Art.11. Artikel 43 van hetzelfde besluit wordt vervangen als volgt :
" Art. 43. In afwijking hiervan, wanneer uitzonderlijke omstandigheden een geassocieerd bestuur ervan weerhouden alle verbintenissen die opgenomen zijn in de programmaovereenkomst krachtens artikel 42 na te leven, kan laatstegenoemde in ondergeschikte orde de volgende punctuele bijdragen waarderen :
1° de punctuele subsidies voor projecten die geïntegreerd zijn in het programma van het cultureel centrum en samen met dit laatste zijn gerealiseerd.
2° de tenlasteneming van artistieke lonen voor projecten die zijn geïntegreerd in het programma van het cultureel centrum en samen met dit laatste zijn gerealiseerd;
3° de punctuele terbeschikkingstelling van extra lokalen ;
4° de gerichte diensten die tot de categorieën bedoeld in artikel 42, 3° behoren. ".
Art.12. In artikel 45, § 1, van hetzelfde besluit wordt 1° vervangen als volgt :
" 1° de beschrijving van de opdracht toevertrouwd overeenkomstig artikel 100 van het decreet van 28 maart 2019 betreffende het nieuwe beheerkader inzake cultuur ; ".
Art.13. In artikel 46, § 1, van hetzelfde besluit worden de woorden " de directeur " vervangen door de woorden " de directie ".
In § 2 van hetzelfde artikel wordt het woord " directeur " vervangen door het woord " directie " .

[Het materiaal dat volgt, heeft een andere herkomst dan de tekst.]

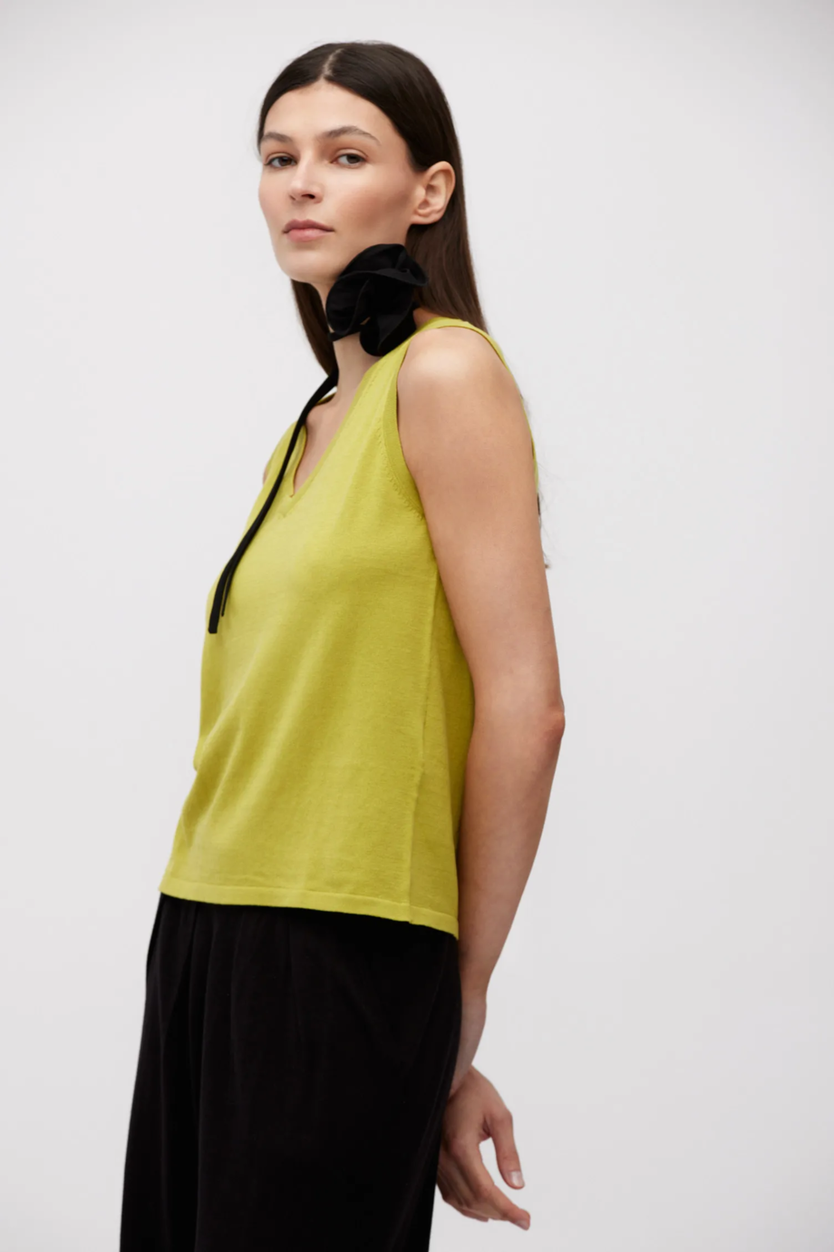 Limonkowy top na ramiączkach z dekoltem w szpic
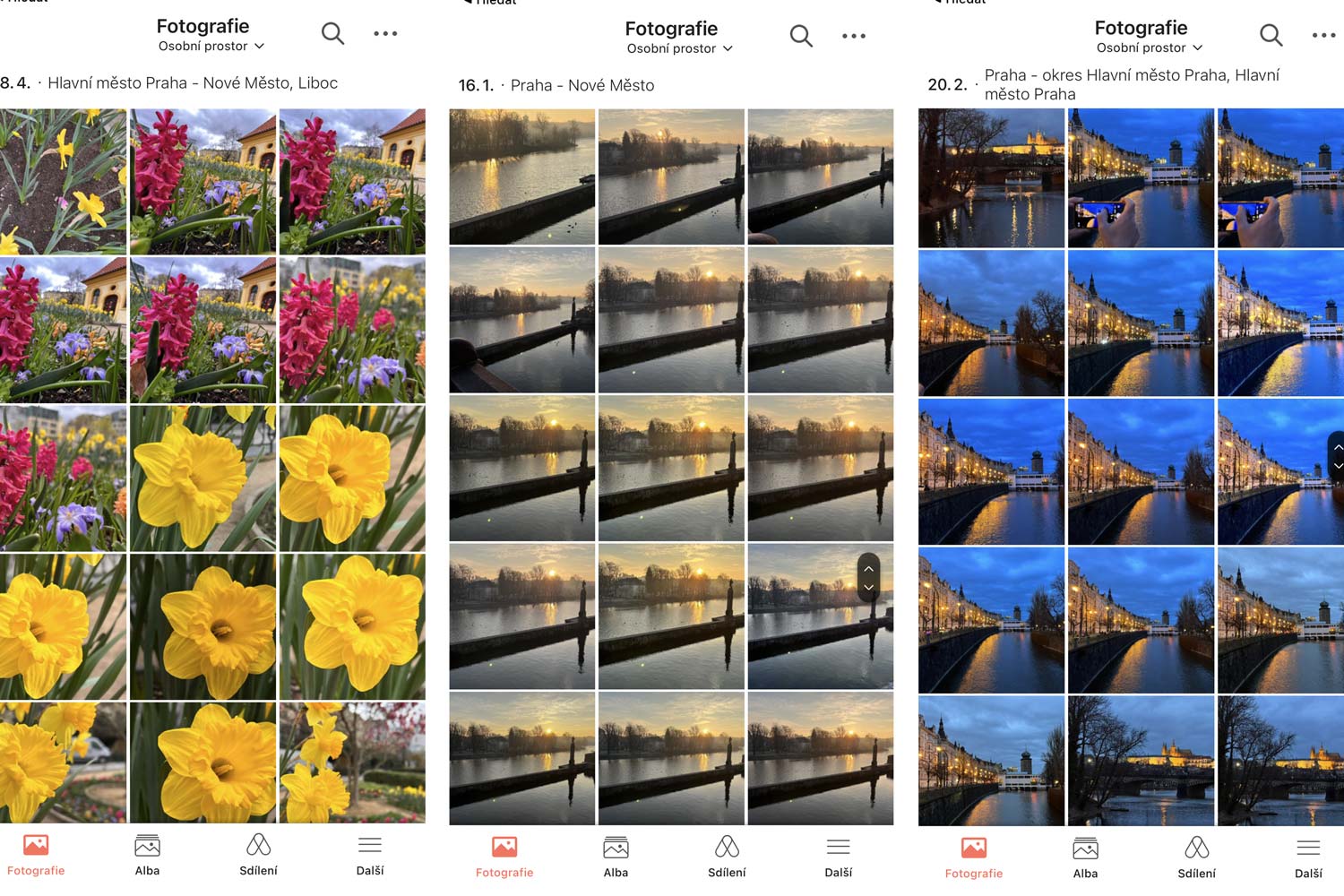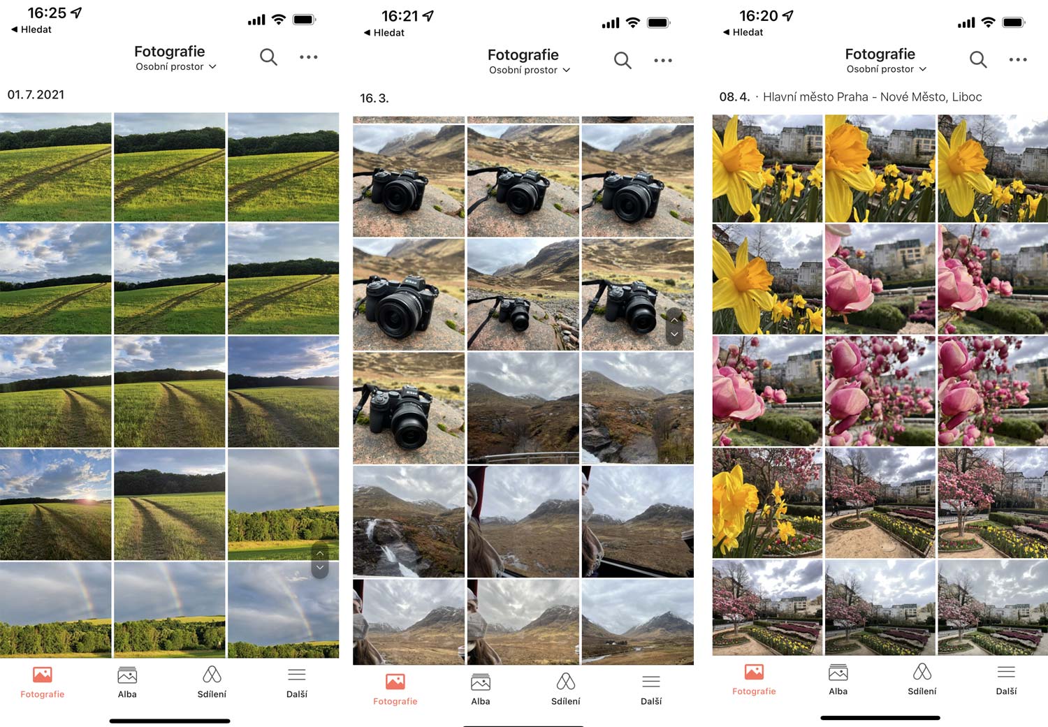 Obrazovka Fotografie je logicky základní defaultní volbou a její funkce je zjevná na první pohled: právě zde uvidíme kompletní přehled všech fotek, které máme v systému uložené. Co je možné snadno přehlédnout (zejména “začínajícím” uživatelem), je opět ona skvělá možnost přepnout se z časové osy do zobrazení adresářů – dělá se to přes tři tečky v pravém horním rohu, kde je volba “Přepnout do zobrazení složky”.

Art.14. In artikel 52 van hetzelfde besluit, in het eerste lid, worden de volgende wijzigingen aangebracht :
1° de woorden " Commissie voor de culturele centra " worden vervangen door het woord " Adviescommissie ".
2° de woorden "de bevoegde sectorale adviesinstantie" worden vervangen door de woorden "de bevoegde sectorale adviescommissie".
Art.15. In artikel 56, § 2, van hetzelfde besluit worden de woorden " aan het cultureel centrum " vervangen door de woorden " aan de representatieve organisatie ".
Art.16. In artikel 57 van hetzelfde besluit, in het eerste en tweede lid, worden de woorden " Commissie voor de culturele centra " telkens vervangen door het woord " Adviescommissie ".
Art.17. In artikel 61 van hetzelfde besluit wordt het eerste lid vervangen als volgt :
"Het cultureel centrum met het oog op de samenwerking of de representatieve organisatie hebben, tegen de beslissingen bedoeld in de artikelen 52, 57, 59 en 60, een recht van beroep dat moet worden uitgeoefend onder de voorwaarden en volgens de nadere regels bepaald in artikel 96 van het decreet van 28 maart 2019 betreffende het nieuwe beheerkader inzake cultuur. ".
Art.18. In hetzelfde besluit wordt artikel 63 opgeheven.
HOOFDSTUK 2. - Slotbepalingen
Art.19. Dit besluit treedt in werking op 6 april 2024.
De wijzigingen uit de artikelen 9 tot 11 zijn van toepassing op lopende en toekomstige programmaovereenkomsten vanaf het begrotingsjaar 2024.
Het jaarlijkse afrekening bedoeld in artikel 9 moet voor de eerste keer tegen 30 juni 2025 ingediend worden.
Art. 20. De Minister die bevoegd is voor de culturele centra, is belast met de uitvoering van dit besluit.